Seagate is hoping to tap into increasing business fears over data theft by launching the first PC hard drive with ‘government-grade’ encryption technology.
The 1TB Barracuda FDE (full disc encryption) hard drive is being touted as the world’s first 3.5in desktop PC drive with native encryption, to prevent data theft from lost or stolen hard drives or systems.
The 7,200rpm drive comes with Advanced Encryption System (AES) technology, used by the US government and businesses worldwide, and is the strongest commercially available encryption technology.
Seagate said that the FDE drive delivers ‘endpoint security’ for powered-down systems as logging back on requires a pre-boot user password that can be backed up with additional security technologies such as biometrics and smart cards. It uses the same DriveTrust technology used in Seagate’s Momentus 5400 FDE.2 encrypted notebook hard drive.

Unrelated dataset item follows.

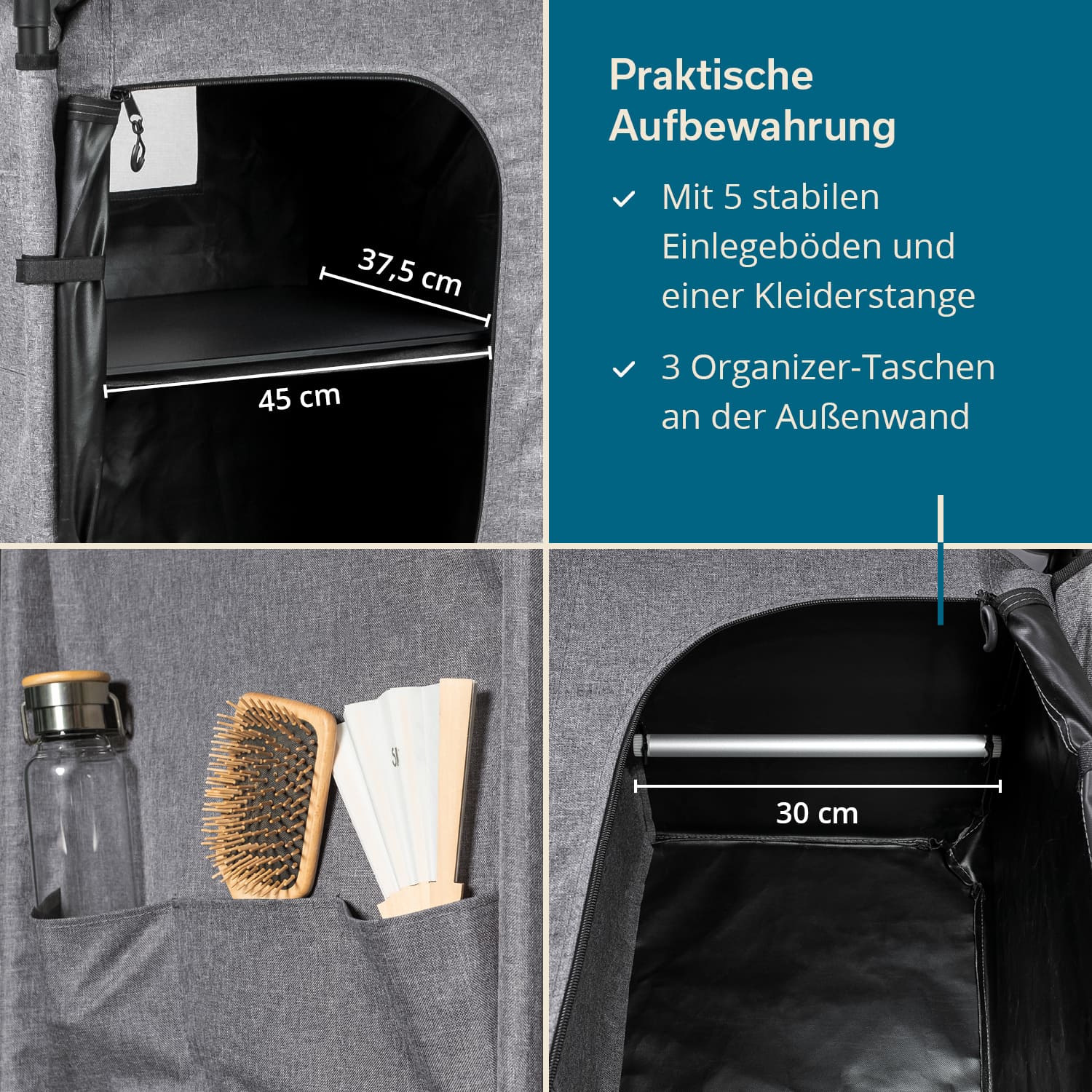 - Links mit 4 großen Staufächern, rechts mit einer praktischen Kleiderstange versehen

“Data security has traditionally focused on preventing spoofing, sniffing, eavesdropping, denial-of-service and other threats to data traversing corporate networks and the Internet,” said Tom Major, Seagate vice president of personal computer business.
“Now that these networks have been hardened and are much more resistant to attack, computer thugs are increasingly targeting the place where data lives - on the hard drive. Seagate is answering this threat with the strongest security available for desktop PC information.”
Seagate also launched a new 250GB notebook drive , the Momentus 5400.4, based on perpendicular magnetic recording (PMR) technology and sporting the fastest Serial ATA interface, offering speeds of up to 3Gbits/sec.